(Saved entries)
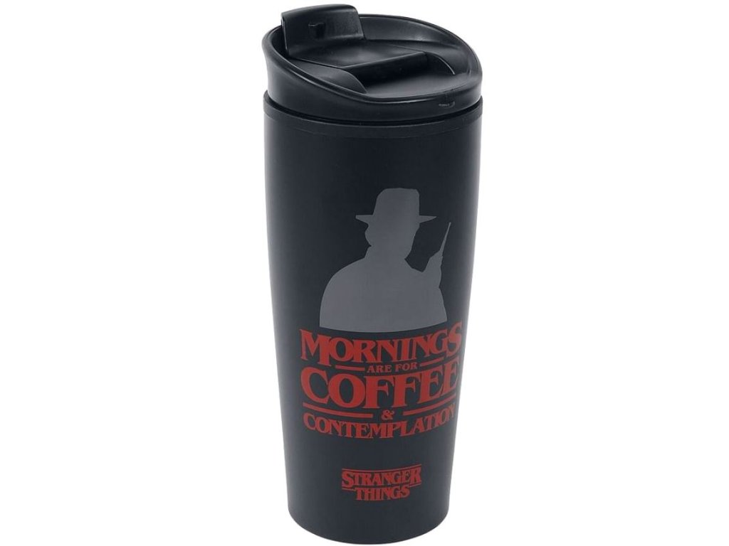 Cestovní hrnek s plastovým víčkem v černé barvě s grafikou seriálu Stranger Things. Hrnek z nerezové oceli a s červeným nápisem Morning are for coffee.
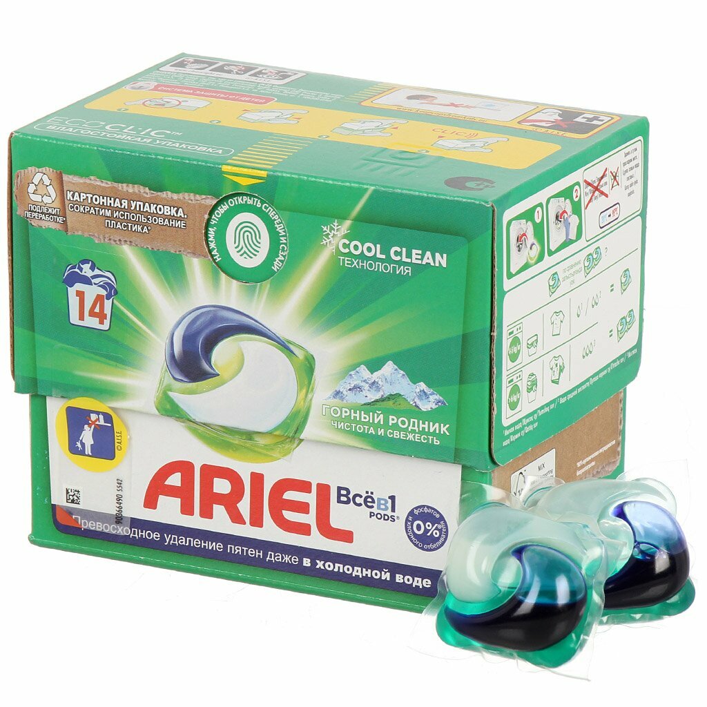 Капсулы для стирки Ariel Все-в-1 Горный родник, 14шт
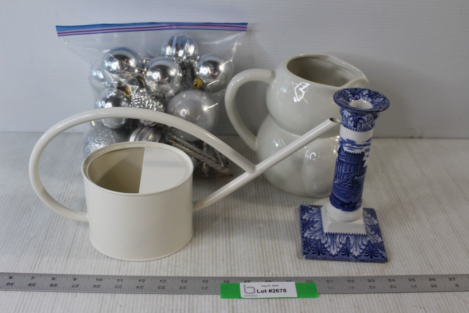 Watering Can, Pitcher With Owl Design, Assorted Christmas Holiday Ornaments, Candlestick Holder
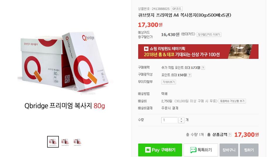 [스토어팜] 큐브릿지 프리미엄 A4 복사용지(80gx500매x5권) (17,300원/3만원이상 무료배송) > 상품홍보
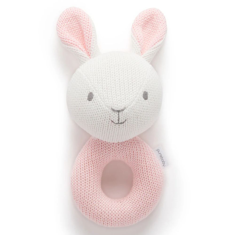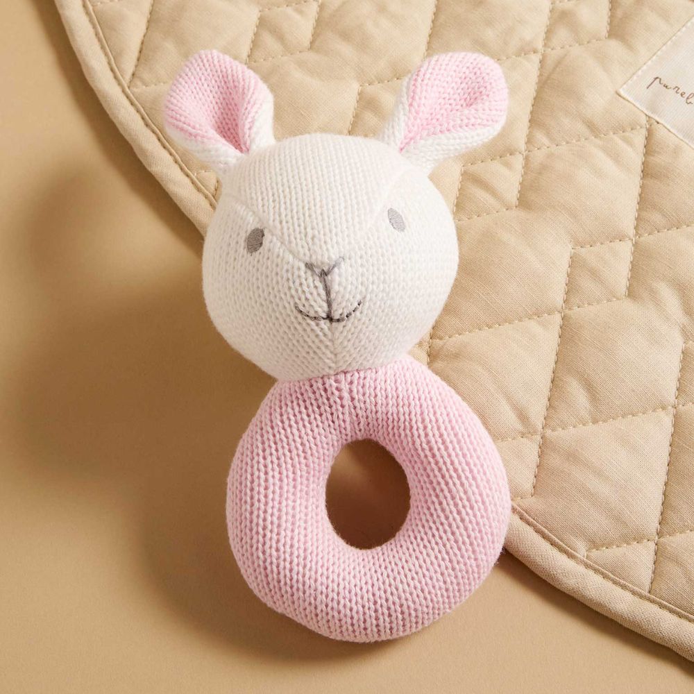 Purebaby's Knitted Rattle is sweet and engaging for those little hands to grab a hold of and wrap their fingers around. Perfect for assisting in the development of hand-eye coordination.
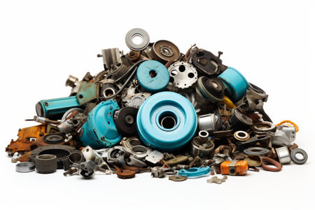 A striking collection of various scrap metal pieces and junk parts, illustrating the abundance and chaotic beauty of industrial waste materials ideal for creative and artistic projects.
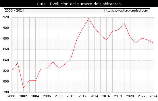 el numero de habitantes en Guía era de 872, 6 habitantes menos que el en el año 2023. En el grafico siguiente se puede ver cuantos habitantes tiene Guía a lo largo de los años.
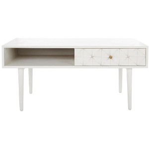 This lavishly designed Lexington Coffee Table is the perfect piece to enrich your living room with sophisticated modern chic. Providing plentiful storage with an open shelf and hard-carved faceted drawer, Lexington's soft whitewash finish seamlessly accents any interior's color scheme.
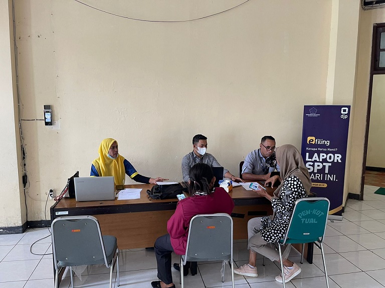 Kantor Pelayanan, Penyuluhan dan Konsultasi Perpajakan (KP2KP) Langgur mengadakan Pojok Pajak SPT Tahunan PPh Orang Pribadi di area Kantor Wali Kota Tual, Maluku (Kamis, 24/3). Kegiatan ini dimaksudkan untuk memberikan kemudahan kepada para Aparatur Sipil Negara (ASN) yang berkantor di area Gedung Kantor Walikota Tual untuk menyampaikan SPT Tahunan.
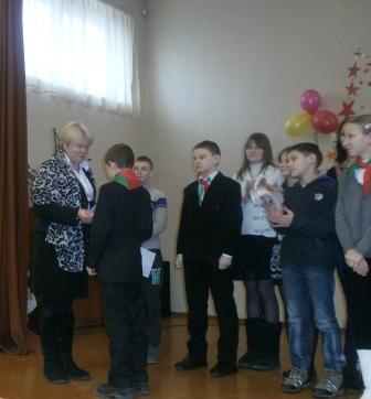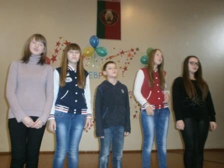 22 февраля в школе прошел фестиваль патриотической песни, посвященный Дню защитника Отечества и 70-летию освобождения Беларуси от немецко-фашистских захватчиков. Всем запомнилась песня «Катюша» в исполнении учащихся 7в класса, песня «Орлята учатся летать» учащихся 5а класса, «День Победы» в исполнении учащихся 6б класса и учащейся 9б класса Макаренко Елизаветы, песня «Орленок» учащейся 5б класса Кундиковой Екатерины. Победителями фестиваля стали: 1 место – 5А 5Б 9Б классы 2 место – 7В 6Б классы 3 место – 6А классы
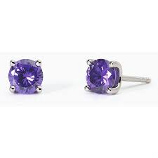 Orecchini da donna a lobo in argento rodiato con zirconi viola.
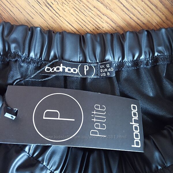 Леггинсы BooHoo Petite (до роста 160 см) из искусственной кожи, размер - UK12/EUR40/US8, цвет - черный, внизу штанины - молния. Замеры: длина - 93 см, шаговая - 66 см, долина посадки по переднему шву - 29 см, по заднему - 36 см, ширина по поясу - 36 см (+9 см резинка), по бедрам - 50 см.
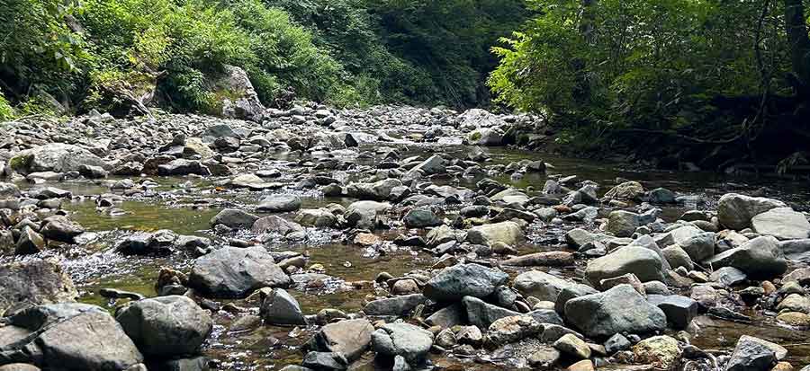 その後も岩魚との楽しい時間が過ぎると、前方に堰堤が見えました。
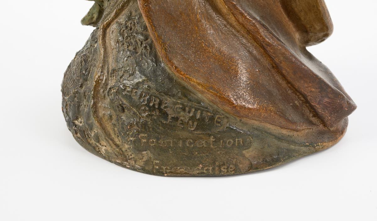Embossing stamp/founder's mark with the addition "Terre cuite G[ran]d Feu" and "Fabrication Francaise". Circa 1900.
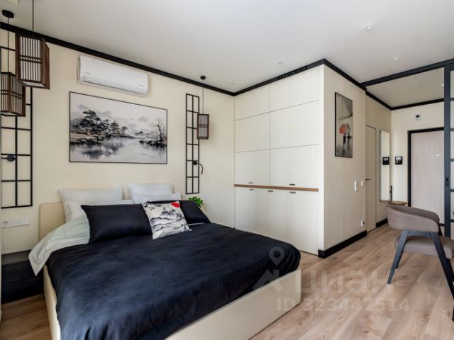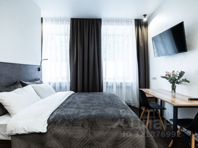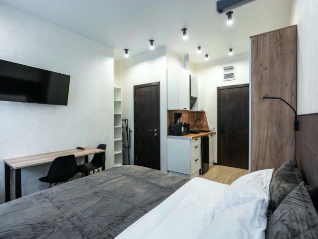 В спальне удобная двуспальная кровать с ортопедическим матрасом; вместительный шкаф для одежды, телевизор со SMART-TV.
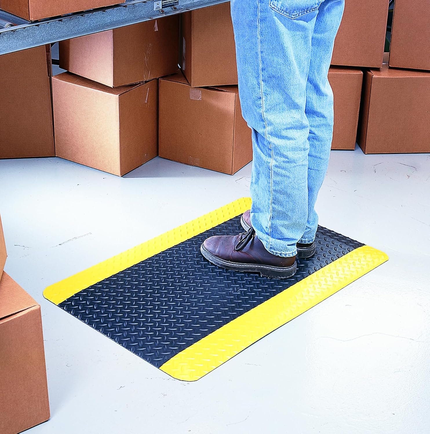 Wearwell 414.1516x2x6BYL Diamond-Plate SpongeCote UltraSoft Mat, 6' Length x 2' Width x 15/16" Thick, Black with Yellow
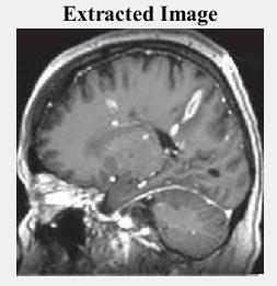 The decrypted image is generated by applying the decryptiontothecompressedimage,asshowninfig.5(e).The extractedwatermarkedimageispresentedontheright.By applying the De-watermarking, the Brain MRI image was retrievedfromthewatermarkedimage.
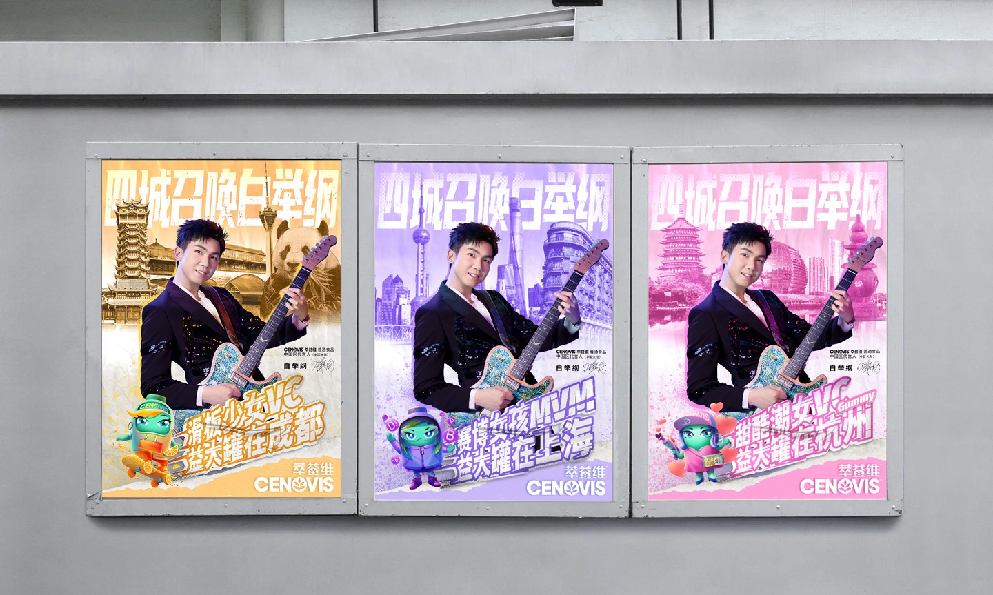 CENOVIS萃益维代言人白举纲「四城召唤」活动主视觉海报,结合不同产品特点代表四个热门城市的特色,在各平台进行宣传,音乐会现场的搭建以及周边手环、门票、宣传大巴的视觉包装。
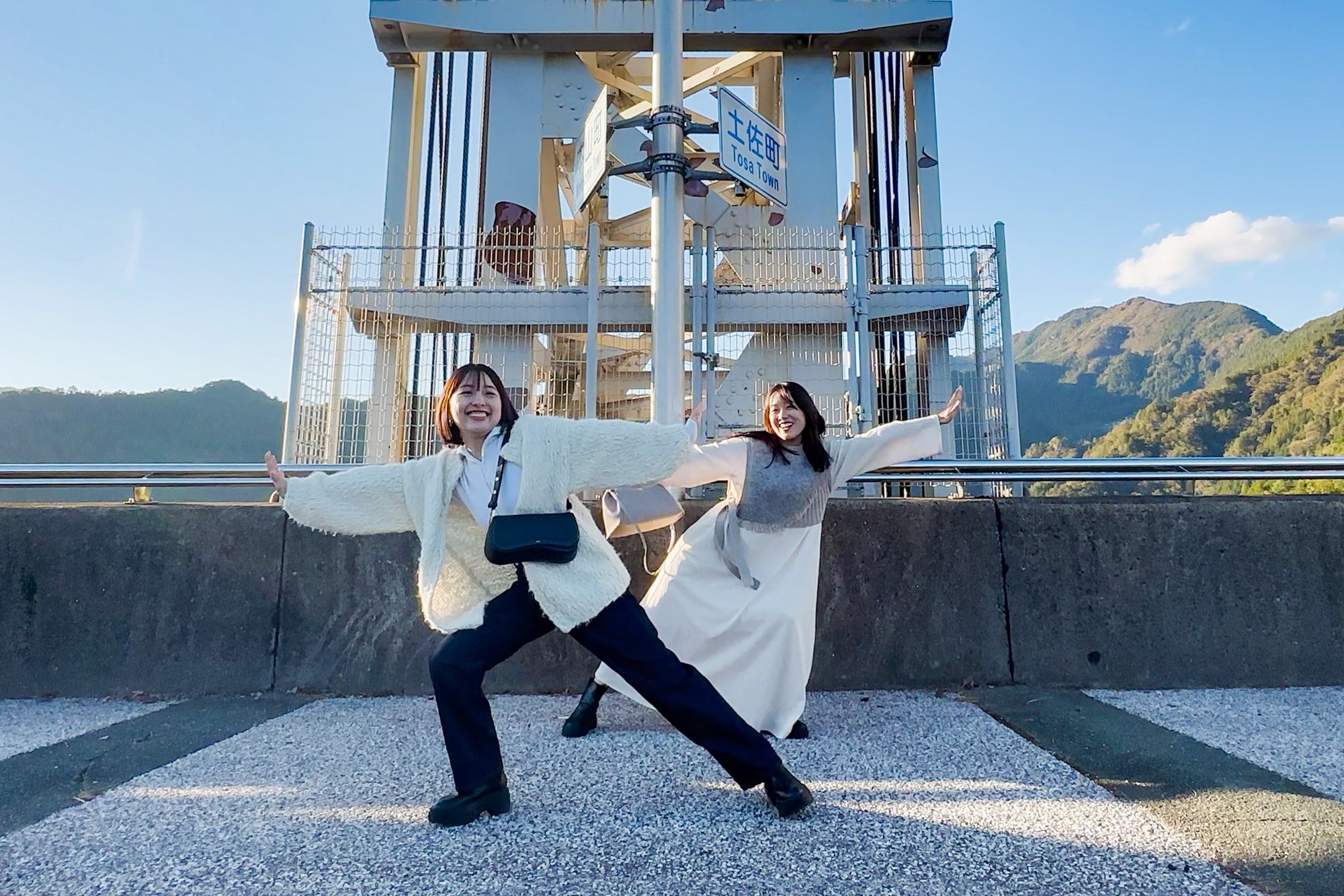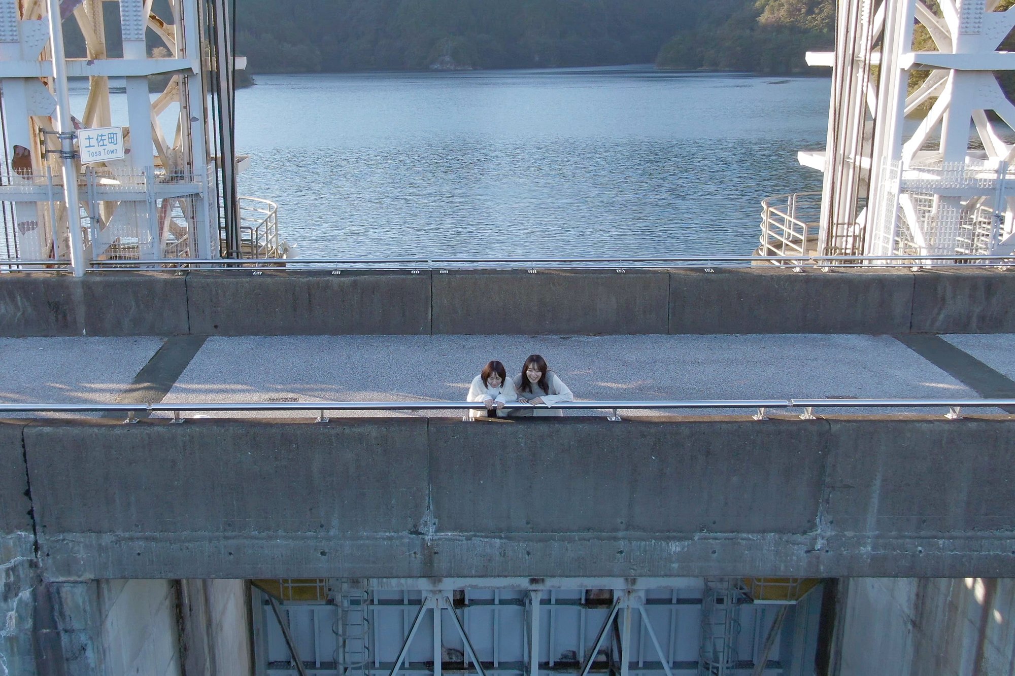 道路途中早明浦水库的招牌下面就是土佐町和本山町的分界线,推荐在那里拍照。
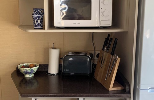 The caravan is comfortable and very well equipped with Wi-Fi, TV, DVD player, DAB radio and CD player. The kitchen has microwave, air fryer, kettle, fridge freezer, oven, hob and grill. The beds are very comfortable and the shower is excellent.
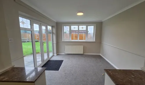 A three bedroom detached bungalow set back from the road behind a sizeable driveway allowing for off road parking and giving access to double garage...
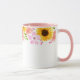 Esta caneca floral de dois tons tem flores bonito de verão de rosas selvagens cor-de-rosa, corais e girassóis tortuosos ao redor do topo da caneca. O manípulo da amostra e o interior mostrados são cor-de-rosa.

The task
Your answer must be the lines from the one containing "The caravan is" through the last line of the records, both included, written out exactly and without pictures.

Expected answer
 The caravan is comfortable and very well equipped with Wi-Fi, TV, DVD player, DAB radio and CD player. The kitchen has microwave, air fryer, kettle, fridge freezer, oven, hob and grill. The beds are very comfortable and the shower is excellent.
 A three bedroom detached bungalow set back from the road behind a sizeable driveway allowing for off road parking and giving access to double garage...
 Esta caneca floral de dois tons tem flores bonito de verão de rosas selvagens cor-de-rosa, corais e girassóis tortuosos ao redor do topo da caneca. O manípulo da amostra e o interior mostrados são cor-de-rosa.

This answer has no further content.